Semua sepakat jika pihak yang kalah menggunakan instrumen gugatan ke MK, Bawaslu dan DKPP jika memang belum puas dengan kekalahan. Tetapi di lain pihak butuh kearifan dan kedewasaan politik dari kubu yang kalah untuk mengakui kekalahannya tanpa memproduksi narasi kecurangan.

Prabowo sendiri juga pernah mengalami kekalahan di Pilpres 2009, 2014, dan 2019, narasi kecurangan TSM juga dihembuskan ketika itu.

Baca juga: Makan Siang Gratis Masuk Rancangan APBN 2025? FITRA: Sungguh Kelancangan Teknokratis

"Tapi Prabowo tampil sebagai sosok negarawan yang mengakui kekalahannya. Ia menerima silaturahmi lawan politik dan yang lebih hebat lagi adalah datang langsung diacara pelantikan Presiden dan Wakil Presiden terpilih," jelasnya.

Karena itulah, butuh sikap negarawan dari Anies-Muhaimin dan Ganjar-Mahfud untuk kemudian menyatakan bahwa Pilpres sudah selesai. Sudah waktunya semua pihak baik 01, 02 dan 03 bersatu kembali sebagai sebuah bangsa.

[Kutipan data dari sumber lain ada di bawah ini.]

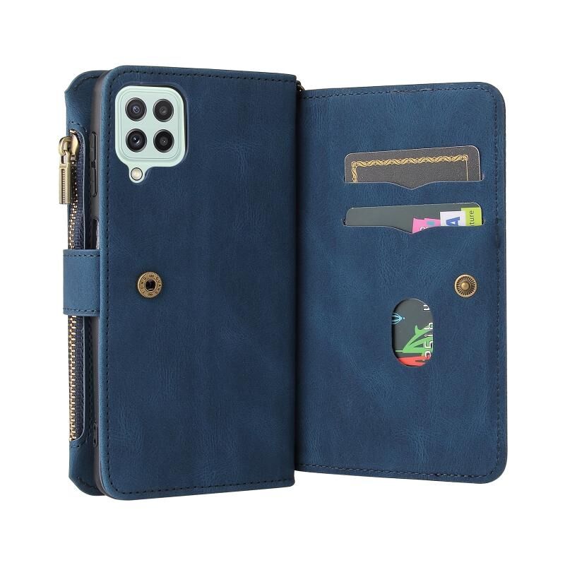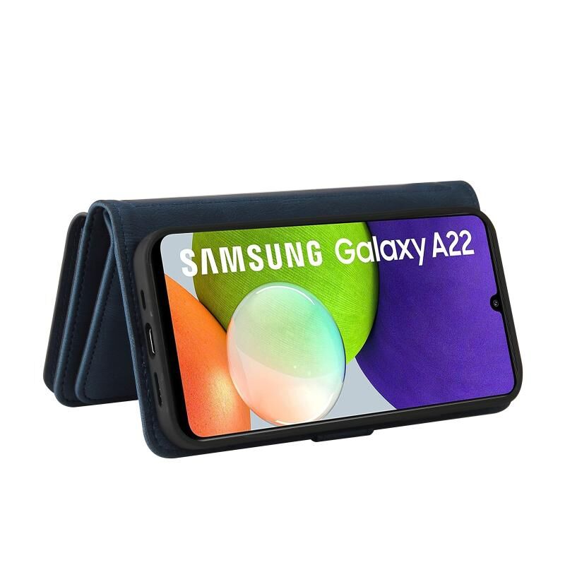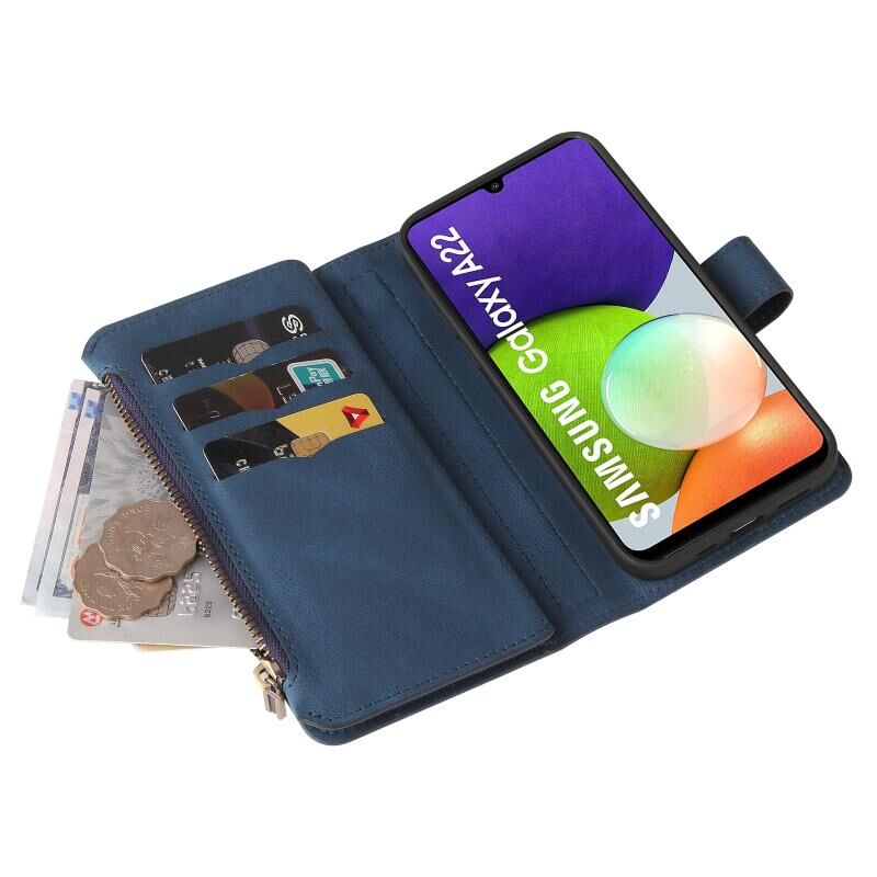 Για Samsung Galaxy A22 4G δέρμα αίσθηση PU + TPU οριζόντια Flip δερμάτινη θήκη με υποδοχή & 15 κάρτες Slot & πορτοφόλι & φερμουάρ τσέπη & Lanyard (Μπλε)

"Tidak mesti juga semuanya harus masuk pemerintahan, tetapi sudah tepat ada yg berposisi sebagai oposisi, sehingga ada penyeimbang kekuasaan di luar pemerintahan," katanya.

Namun tidak menolak juga jika memang Prabowo-Gibran merangkul Nasdem dan PKB untuk bergabung di pemerintahan. Karena kedua partai ini memang punya riwayat selalu bergabung dengan pemerintahan. Sementara PDIP dan PKS sudah tepat untuk menjadi oposisi.

"Kalaupun tergoda untuk masuk pemerintahan, juga sebenarnya tidak jadi masalah. Hanya saja kalau semua partai masuk pemerintahan, lantas siapa yang bisa mengontrol jalannya pemerintahan dimasa depan?" ujarnya.

Atau bisa saja PKB, Nasdem PKS dan PDIP berkomitmen untuk berada di luar pemerintahan. Itu juga baik. Intinya adalah akhirilah narasi kecurangan pemilu, jika semua proses dan instrumen politik sudah digunakan misalnya MK, Bawaslu, DKPP, dll.

"Dan saya termasuk orang yang berharap Anies-Muhiamin dan Ganjar-Mahfud hadir dalam pelantikan Prabowo-Gibran sebagai Presiden dan Wakil Presiden Republik Indonesia. Agar tradisi yang selama ini dicontohkan oleh Prabowo yang selalu hadir di pelantikan lawan politiknya dalam hal ini Presiden Jokowi terus menjadi pembelajaran dan teladan politik yang berkesinambungan dimasa depan," pungkas Subiran. (Sidik Purwoko)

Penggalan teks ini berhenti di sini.